No, I think we see this, if you started with U S, there we've seen this for a couple of years as a discussion topic. We haven't seen too much manufacturing and moving back from China to US yet. But we see that a lot of new manufacturing, is not moved from US to China anymore. It's moved either to Mexico. That's the start up in Mexico instead of expanding China.
And we also see trend that, both Japanese or many customers, I would say, American and Japanese moved from China to Vietnam. That's a pretty clear trend. If you look in Japan, we see that the government, at least unofficially is sponsoring, Japanese manufacturers to move home, manufacturing from China back to Japan again. And they get sponsoring for doing that in, in Europe, we are, seeing trend discussions about that people would like to be closer to their manufacturing. I think this will be a long term trend that people will not rely on global supply chains only.
I think this can help investments in, I would say, especially in Japan, U. S. And continental Europe, but it's too early to see this materialize in orders, but the discussion is there for sure and decisions are taking where to make these investments. Okay. Thank you.
On the other hand, we also see in China that the government is also investing a lot in building their own capacity in semiconductors and others to make sure they get less dependent on, other countries technology. So also in China, I think the investors will continue, but much more of a domestic nature compared to just manufacturing outsourcing.
Okay.
Our next question comes from the line of Ramu Korea from SEB. Please go ahead.

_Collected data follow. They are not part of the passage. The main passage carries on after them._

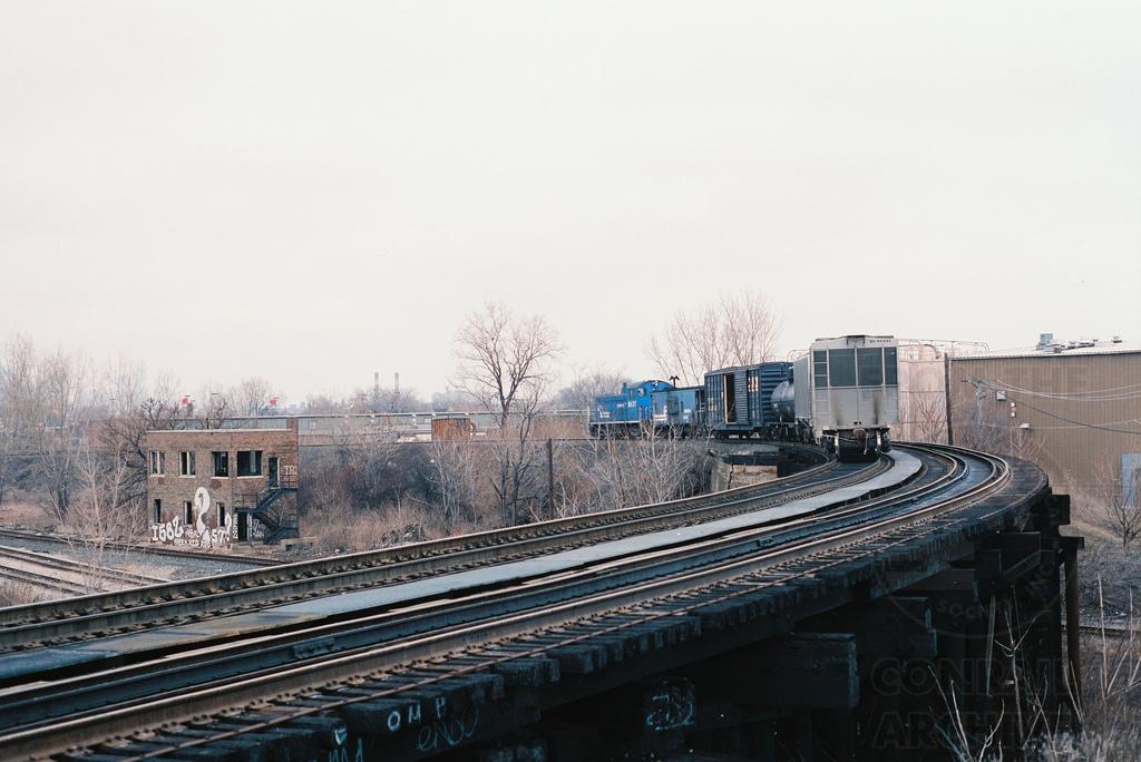 A Conrail local freight is seen on the ramp at 49th Street returning to Ashland Avenue Yard in March 1992. The former B&OCT 49th Street Tower is but a shell by this date. The ramp was former Chicago River & Indiana track that is also used by GTW intermodal trains to reach Railport Yard. The double track below is CSX's Blue Island Subdivision, and the far track is the remains of the former PRR Panhandle Line. Conrail uses this track to service an elevator at 51st Street. Doug Davidson photo with permission
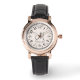 Een stijlvol rozen gouden horloge met uw script initiaal en naam in een klassiek type. De wijzerplaat heeft een decoratieve rand van bogen eromheen.
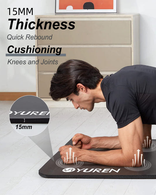 YUREN Large Yoga Mat Extra Wide Workout Mat for Home, 76"X35"X15Mm Thick Yoga Mat for Men, High Density Gym Mat with Carrying Strap (Black)
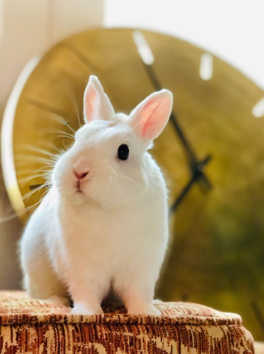 Despite growing up with my grandmother’s ever changing menagerie of pets from goldfish, to turtles, parakeets to chicks that grew into chicken soup for lunch, dogs from chihuahuas to poodles, etc, I never felt the desire to own a pet myself. I was clear about wanting children though, and when they begged me for a pet, I assured them most confidently they can have all the dogs and cats they wanted when they got their own apartments. Somehow my daughter succeeded in persuading me to compromise with a rabbit when her brothers flew the nest, but very soon after, her attention drifted to boys and friends and the rabbit got relegated as her dad’s bestie. He’s great company for me now that she’s left home, tirelessly staring with adoring eyes much of the day and happy to cuddle at night. You know I mean the rabbit, not the husband, right? 😉
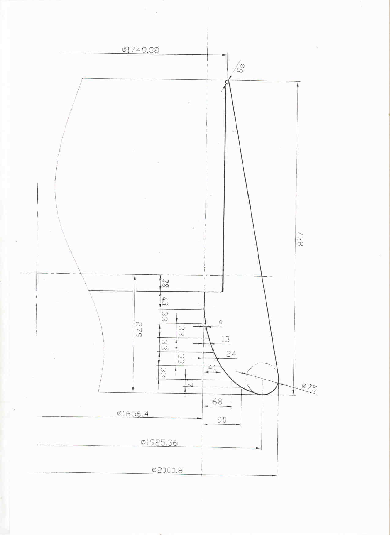 Вот чертеж профиля сечения насадки для ВВ катера на воздушной подушке (диаметр ВВ 1720, мощность до 150лс).
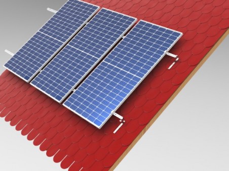 Mocowanie umożliwia zamocowanie kompletnego systemu wsporczego do dowolnej ilości paneli PV zarówno w układzie wertykalnym i horyzontalnym na dachu skośnym pokrytym gontem bitumicznym.
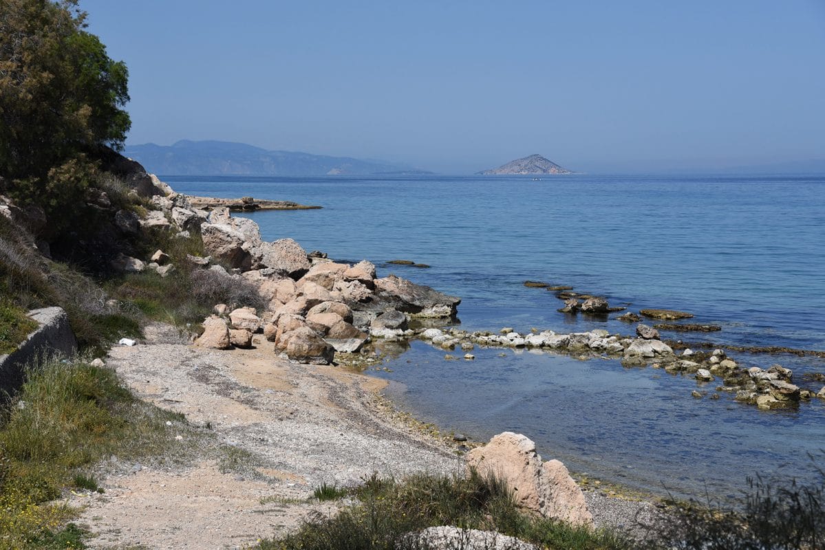 A beach found only a few kilometers from the port of Aegina, at half the distance towards Souvala to the north, barren, ideal for lonesome characters (although it once was cosmopolitan). An option if you’re a fan of the wild, original beauty of places and want to move away from the more popular options.
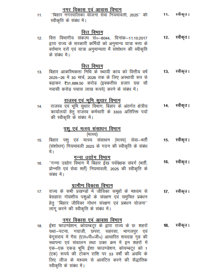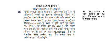 बैठक में सबसे बड़ा फैसला आंगनबाड़ी सेविकाओं और सहायिकाओं के मानदेय बढ़ाने का रहा। सेविकाओं का मानदेय 7000 रुपये से बढ़ाकर 9000 रुपये और सहायिकाओं का मानदेय 4000 रुपये से बढ़ाकर 4500 रुपये किया गया है। इसके लिए सरकार ने 345 करोड़ रुपये से अधिक की राशि मंजूर की है। नीतीश कुमार ने सोमवार को ही इस घोषणा का संकेत दिया था, जिसे अब कैबिनेट ने औपचारिक रूप दिया। इससे प्रदेश की लाखों आंगनबाड़ी सेविकाओं को प्रत्यक्ष लाभ मिलेगा।
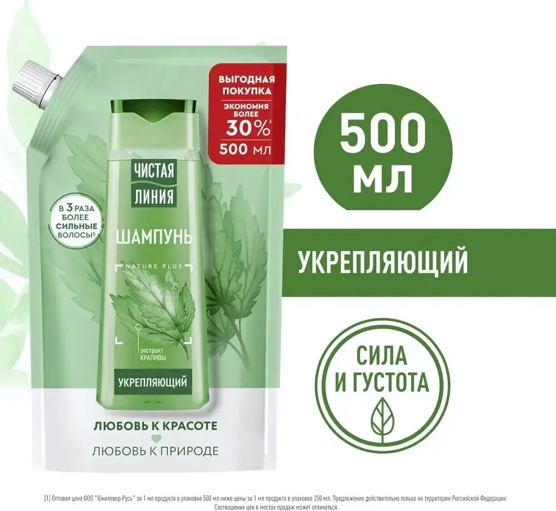 Подарите своим волосам силу и густоту с шампунем ЧИСТАЯ ЛИНИЯ, который содержит экстракт крапивы. Этот укрепляющий шампунь не только заботится о ваших волосах, но и дарит им здоровье и блеск. Упаковка объемом 500 мл в удобном дой-паке позволяет легко использовать продукт и экономить пространство в ванной.

Just one pretty high level question from my side on the nature of the digital events that you've had which you foresee will continue and then you've canceled your fiscal trade first. What are you seeing with customers in terms of response rates And perhaps at the end of the day, it's a question of demand. So it doesn't really matter, but are you coming through in the same way that you did in a fiscal environment? Yes, I would say that it's more efficient. We get a longer, I would say, we have 2 types of digital events One is more future oriented talking about what's the benefit of 5G and more marketing us as a company in that area.
There, of course, we don't, we get the general interest, but we can track it back to real orders. That's one category. The other category is to learn more about our existing offer more deeper, like technology? How does this product really works? How can you take better benefit of these products?
And they will see better engagement, I would say, than traditional trade fairs. We are sitting with them for 1 hour, And, I would say that this is even more efficient than traditional trade fairs and, you know, this kind of walking around in a physical place and maybe bump into somebody that have interest in your product. So I think it develops well. We need to work a little bit more in our marketing systems, how do we qualify these new types of leads, and how do we take this relationship to the next level. But we are positive about it, but we need to change a little bit our selling, our sales process when we have this kind of new leads, I think.
And as there are no further questions, I'll hand it back to the speakers.
All right. Thank you very much for attending this morning session here. Thanks for interesting, in HMS. We are not happy with the top line and the orders. Unfortunately, we don't see a short term fix we can do for the next quarter.
But we can work more on our gross margin or OpEx and cash flow and keeping our eyes on the long term ball. That's our strategy. And we'll keep on doing this for the, the rest of the year. This is our feeling right now. So now let's take a couple of weeks of vacation.
I hope you same opportunity to relax a couple of weeks, and then we were back in August ready for more business. So have a nice summer. Thank you.
This now concludes our conference call. Thank you all for attending. You may now disconnect your lines.